* [WHAT THE TASK ASKS]:
Only the lines holding "that" are wanted here; copy each from the listing.

* [SUPPLIED DATA]:

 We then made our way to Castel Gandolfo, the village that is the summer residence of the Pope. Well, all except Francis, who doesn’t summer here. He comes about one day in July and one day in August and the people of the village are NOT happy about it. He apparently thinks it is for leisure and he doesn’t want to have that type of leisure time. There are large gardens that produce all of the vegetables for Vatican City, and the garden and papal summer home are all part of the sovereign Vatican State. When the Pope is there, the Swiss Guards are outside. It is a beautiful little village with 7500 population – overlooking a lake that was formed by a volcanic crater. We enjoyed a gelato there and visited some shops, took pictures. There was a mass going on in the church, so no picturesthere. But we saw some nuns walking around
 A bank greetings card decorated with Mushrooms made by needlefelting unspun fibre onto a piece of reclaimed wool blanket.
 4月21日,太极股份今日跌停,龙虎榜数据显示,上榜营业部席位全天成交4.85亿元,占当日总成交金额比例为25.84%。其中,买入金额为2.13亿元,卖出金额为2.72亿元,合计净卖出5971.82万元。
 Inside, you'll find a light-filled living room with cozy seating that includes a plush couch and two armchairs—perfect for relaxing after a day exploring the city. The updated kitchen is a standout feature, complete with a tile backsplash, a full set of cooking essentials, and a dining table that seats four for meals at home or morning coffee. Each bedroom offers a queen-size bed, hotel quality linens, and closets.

==

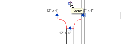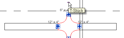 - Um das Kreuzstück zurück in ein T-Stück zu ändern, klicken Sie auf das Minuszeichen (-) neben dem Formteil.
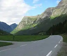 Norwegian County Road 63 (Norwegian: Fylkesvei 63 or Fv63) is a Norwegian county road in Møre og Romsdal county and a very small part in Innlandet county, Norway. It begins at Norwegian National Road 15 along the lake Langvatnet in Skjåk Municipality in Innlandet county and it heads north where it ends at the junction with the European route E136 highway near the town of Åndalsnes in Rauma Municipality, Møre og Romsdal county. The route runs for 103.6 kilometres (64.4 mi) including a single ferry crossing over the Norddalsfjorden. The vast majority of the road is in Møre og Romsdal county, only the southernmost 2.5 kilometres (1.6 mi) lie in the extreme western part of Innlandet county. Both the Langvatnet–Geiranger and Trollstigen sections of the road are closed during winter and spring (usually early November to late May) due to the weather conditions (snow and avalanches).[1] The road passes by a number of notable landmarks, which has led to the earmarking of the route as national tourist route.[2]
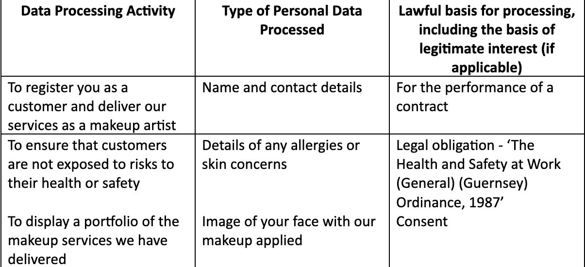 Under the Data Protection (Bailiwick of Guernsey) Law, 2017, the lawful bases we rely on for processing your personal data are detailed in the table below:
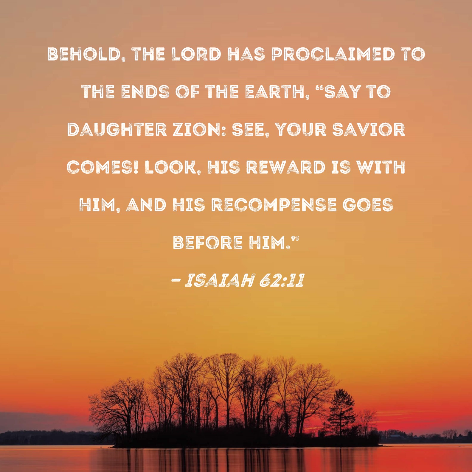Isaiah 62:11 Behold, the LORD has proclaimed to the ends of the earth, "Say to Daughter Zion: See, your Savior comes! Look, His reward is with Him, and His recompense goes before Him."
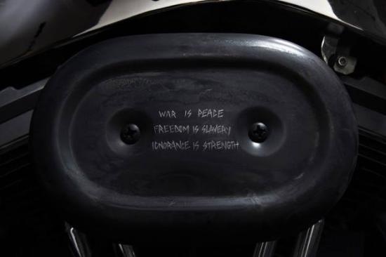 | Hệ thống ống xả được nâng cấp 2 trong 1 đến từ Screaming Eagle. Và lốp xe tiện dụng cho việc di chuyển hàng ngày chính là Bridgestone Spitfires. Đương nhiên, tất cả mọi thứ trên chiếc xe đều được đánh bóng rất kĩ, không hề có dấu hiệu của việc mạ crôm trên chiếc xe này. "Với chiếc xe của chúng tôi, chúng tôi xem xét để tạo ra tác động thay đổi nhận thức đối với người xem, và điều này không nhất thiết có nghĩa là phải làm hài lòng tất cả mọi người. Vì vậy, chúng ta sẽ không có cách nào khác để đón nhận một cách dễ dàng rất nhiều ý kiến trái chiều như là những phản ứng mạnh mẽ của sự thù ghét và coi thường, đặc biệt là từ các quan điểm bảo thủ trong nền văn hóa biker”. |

* [OUTPUT FOR THIS TASK]:
 We then made our way to Castel Gandolfo, the village that is the summer residence of the Pope. Well, all except Francis, who doesn’t summer here. He comes about one day in July and one day in August and the people of the village are NOT happy about it. He apparently thinks it is for leisure and he doesn’t want to have that type of leisure time. There are large gardens that produce all of the vegetables for Vatican City, and the garden and papal summer home are all part of the sovereign Vatican State. When the Pope is there, the Swiss Guards are outside. It is a beautiful little village with 7500 population – overlooking a lake that was formed by a volcanic crater. We enjoyed a gelato there and visited some shops, took pictures. There was a mass going on in the church, so no picturesthere. But we saw some nuns walking around
 Inside, you'll find a light-filled living room with cozy seating that includes a plush couch and two armchairs—perfect for relaxing after a day exploring the city. The updated kitchen is a standout feature, complete with a tile backsplash, a full set of cooking essentials, and a dining table that seats four for meals at home or morning coffee. Each bedroom offers a queen-size bed, hotel quality linens, and closets.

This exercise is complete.